Sowohl kopfgetragene, brillenähnliche Systeme kommen zum Einsatz
als auch Remote-Eye-Tracker, die sich mit einer Kamera und
Infrarot-LEDs im Computermonitor befinden. Mit dem mobilen
System können sich die Versuchspersonen im Raum bewegen,
Gegenstände suchen und mit ihnen interagieren.
Mit dem Virtual Reality-Headset wird über den Computer eine
virtuelle 3-D-Welt simuliert, durch die sich der Proband bewegt.
Mit simulierten Umgebungen wie einer italienischen Piazza, in
deren Mitte unterwartet braune Kisten schweben, prüfen die
Forscher, ob die Ergebnisse, die sie auf zweidimensionalen
Bildschirmen feststellen, auch in einer realitätsnahen,
dreidimensionalen Umgebung gelten. Sie wollen Gesetzmäßigkeiten
verstehen, mit deren Hilfe Menschen ihre Umwelt aufbauen und mit
den Objekten in ihr interagieren.
Die Erforschung von Szenenwissen im Kindesalter ist eines der
Felder, mit denen sich die Arbeitsgruppe sehr intensiv
auseinandersetzt. Ziel des Projekts „SCESAM“, das mit der
Unterstützung von IDeA – einem interdisziplinären
Forschungszentrum – initiiert wurde, ist es, eventuelle
kognitive Defizite wie eine Lese-Rechtschreib-Schwäche
frühzeitig zu erkennen und zu behandeln. Mit einem mobilen
Forschungslabor finden die Studien direkt vor der KiTa statt:
Die Forscher zeigen den Kindern „ungrammatische“ Bilder, auf
denen etwa ein Schuh anstelle eines Topfes auf dem Herd steht,
und beobachten die Reaktionen mithilfe einer Eye-Tracking-Kamera.
Verhält sich eines unter vielen Kindern anders, interessiert
sie, ob ein Zusammenhang zur sprachlichen Entwicklung und dem
Aufmerksamkeitsverhalten besteht.
Auch Bereiche wie die Medizin ziehen Nutzen aus den Ergebnissen.
So haben die Forscher Blickbewegungen von Radiologen bei der
Betrachtung von Röntgenbildern gemessen und untersucht, welche
Strategien sie zur Erkennung von Tumoren nutzen und mit welchem
Erfolg diese Strategien einhergehen.

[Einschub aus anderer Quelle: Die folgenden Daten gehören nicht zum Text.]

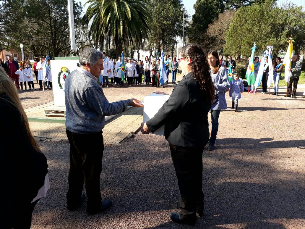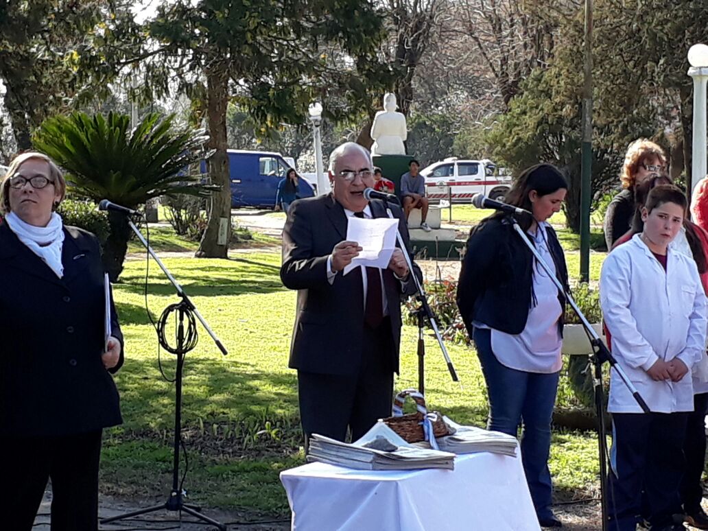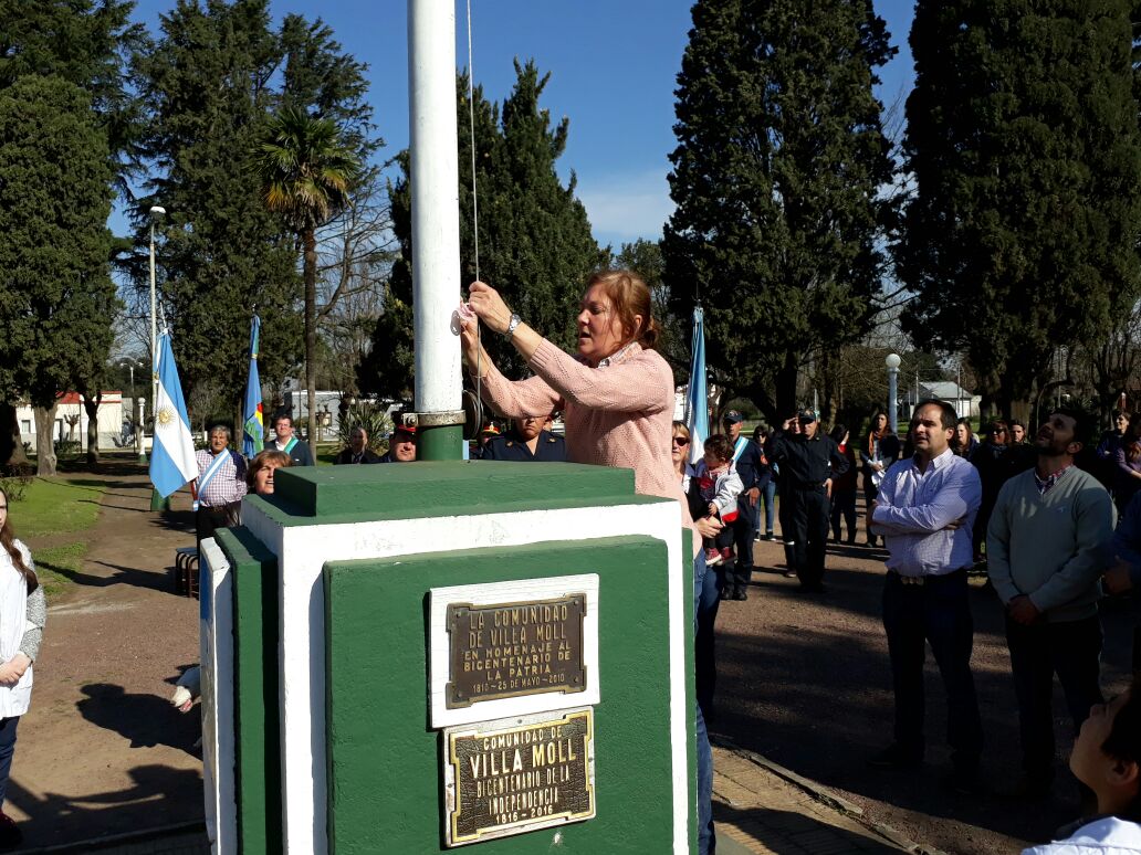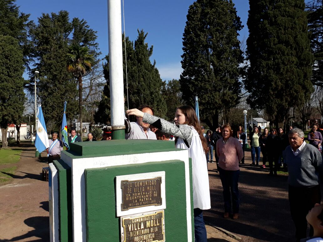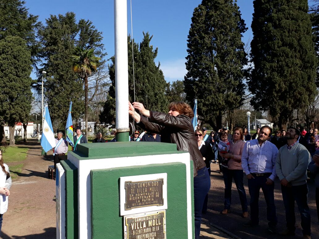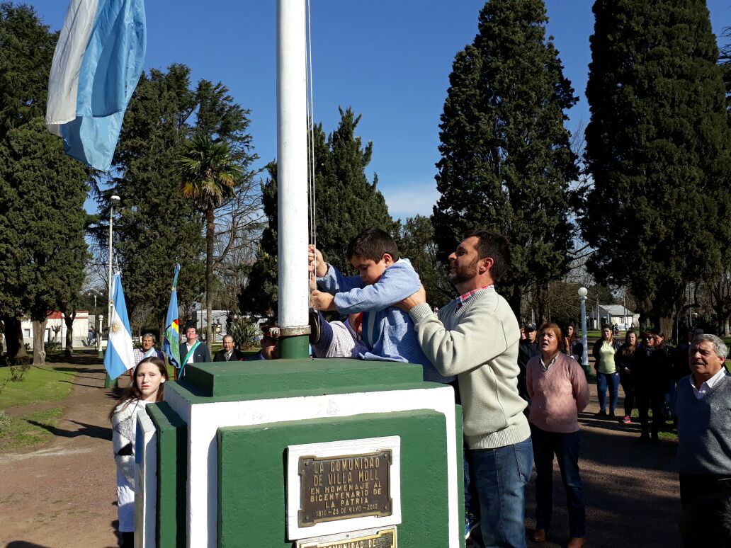 Esta tarde, a las 15 hs en la plaza El Progreso de la localidad de Villa Moll, se realizó el acto conmemorativo por el fallecimiento del General José de San Martín. Primeramente se produjo el izamiento del Pabellón Nacional y posterior arreo a media asta, por parte de los alumnos de las escuelas y autoridades presentes. A continuación, se entonaron las estrofas del Himno Nacional Argentino. Más tarde se llevó a cabo la recepción de ofrendas en sobre cerrado a beneficio de la Cooperadora de la E.P. Nº 19. Luego se produjo el toque a silencio y minutos más tarde el descubrimiento del hito del Padre de la Patria. Después se entregaron reconocimientos a alumnos y docentes ganadores del Concurso Nacional “Cruce de los Andes”. Mas tarde,el alumnado de la EP Nº 19 entonó la Marcha de San Lorenzo y a continuación llegaron las palabras alusivas a cargo de la Directora de la EP Nº 19. Sra. María Leonor Meoniz. Luego se dirigió a los presentes, el señor Intendente Municipal Santiago Maggiotti. Finalizó el acto con el retiro de las banderas de ceremonia y a continuación todos los presentes pudimos disfrutar de una Muestra sobre la vida y obra del General San Martín en las instalaciones de la EP Nº 19. El acto contó con la presencia de varias delegaciones escolares, Ex Combatientes de Malvinas y Bomberos de Navarro y Villa Moll, entre otras instituciones. El día acompañó, así como lo hicieron los vecinos de Villa Moll, lo que redondeó una hermosa tarde.

Ebenso von Bedeutung sind
die Forschungsergebnisse bei der Handgepäck-Sicherheitskontrolle
an Flughäfen. Wie entscheiden Mitarbeiter, welche Gepäckstücke
näher geprüft werden müssen? Warum wurde ein gefährlicher
Gegenstand nicht gefunden? Hat der Kontrolleur nicht auf diesen
Bereich geschaut? Oder hat er darauf geschaut, diesen Teil aber
nicht für wichtig erachtet?
Schließlich könnten auch Menschen mit Demenz von der Erforschung
des Szenenwissens profitieren. Denn Võ und ihre Mitarbeiter
haben herausgefunden, dass die Gedächtnisleistung für Bilder in
einer Szene zunimmt, wenn die Probanden zuvor einzelne Objekte
gesucht und gefunden haben. Bei einem überraschenden
Gedächtnistest schnitten sie deutlich besser ab als Personen,
die sich explizit Objekte merken sollten. „Dies bedeutet für
uns, dass bei der visuellen Suche eine starke Auseinandersetzung
mit der Szene stattfindet und sich Objekte besser einprägen“,
erklärt die Psychologin.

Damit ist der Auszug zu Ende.